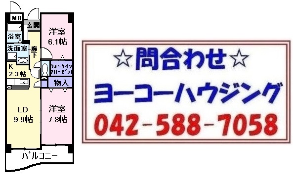 | 間取内容 | 洋室7.8畳 洋室6.1畳 LDK12.2畳 |
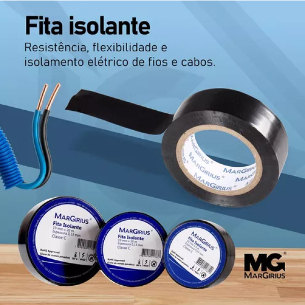 FITA ISOLANTE MARGIRIUS 10M X 19MM ESPESSURA 0,13MM CLASSE C - 21783 Avaliação: SKU.: 13703 Avise-me quando chegar Descubra mais sobre Para o isolamento elétrico de emendas em fios e cabos, em instalações de até 600V. Classe C – Espessura 0,13mm – Largura de 19mm 19mm X 10m 0,13mm Classe C Características Código Identificador (SKU) 13703 Garantia do Fabricante 12 meses Marca MARGIRIUS NCM 39191020 Origem do Produto Nacional
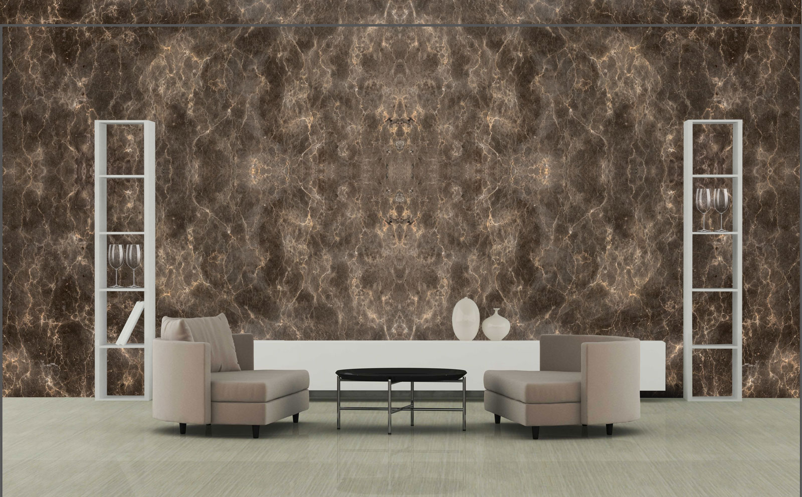 Его светлые прожилки будто освещают глянцевую поверхность мрамора благородного кофейного оттенка, наполняют его теплом и создают поистине впечатляющий узор, который хочется детально изучить.
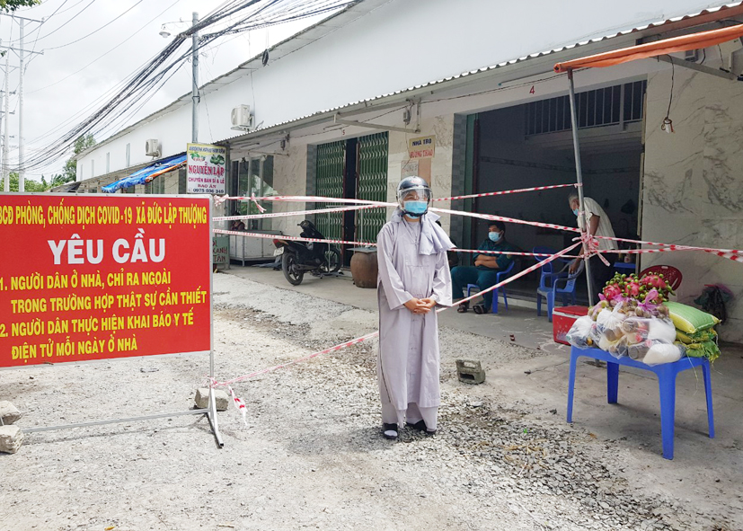 Thể hiện tinh thần Từ Bi của đạo Phật, thực hiện theo sự chỉ đạo của Phật giáo tỉnh nhà, tiếp sức cùng Chính quyền chống dịch. Hôm nay, ngày 03 tháng 8 năm 2021 (nhằm ngày 25/06/Tân Sửu), tiếp tục hưởng ứng lời kêu gọi của các cấp lãnh đạo chính quyền, Ban Trị sự GHPGVN huyện Đức Hòa đã đến thăm, tặng quà cho các khu vực cách ly, phong tỏa tại xã Đức Lập Thượng, huyện Đức Hòa, tỉnh Long An.
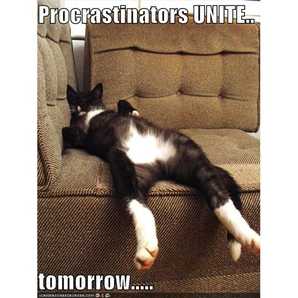 Image SourceI sat down in front of my laptop to write the P post and then procrastinated for hours. I couldn't decide what to write for Letter P. So I decided to make the controversial 'Procrastination' the star of my Letter P post.Then I procrastinated again for long thinking what I should write about procrastination. Procrastination is after all the biggest wall that stands between a writer and his/her finished novel. I went surfing the internet to get some ideas, ended up watching a movie, saw a few funny videos and then slept at my desk. I realized I had a serious case of procrastination. I decided to laugh about this incurable disease.

* * * *

### WHAT YOU WILL DO
Would you reproduce the lines above, from the very first through the line containing "FITA ISOLANTE MARGIRIUS", exactly and without the pictures?

### TASK RESULT
 | 間取内容 | 洋室7.8畳 洋室6.1畳 LDK12.2畳 |
 FITA ISOLANTE MARGIRIUS 10M X 19MM ESPESSURA 0,13MM CLASSE C - 21783 Avaliação: SKU.: 13703 Avise-me quando chegar Descubra mais sobre Para o isolamento elétrico de emendas em fios e cabos, em instalações de até 600V. Classe C – Espessura 0,13mm – Largura de 19mm 19mm X 10m 0,13mm Classe C Características Código Identificador (SKU) 13703 Garantia do Fabricante 12 meses Marca MARGIRIUS NCM 39191020 Origem do Produto Nacional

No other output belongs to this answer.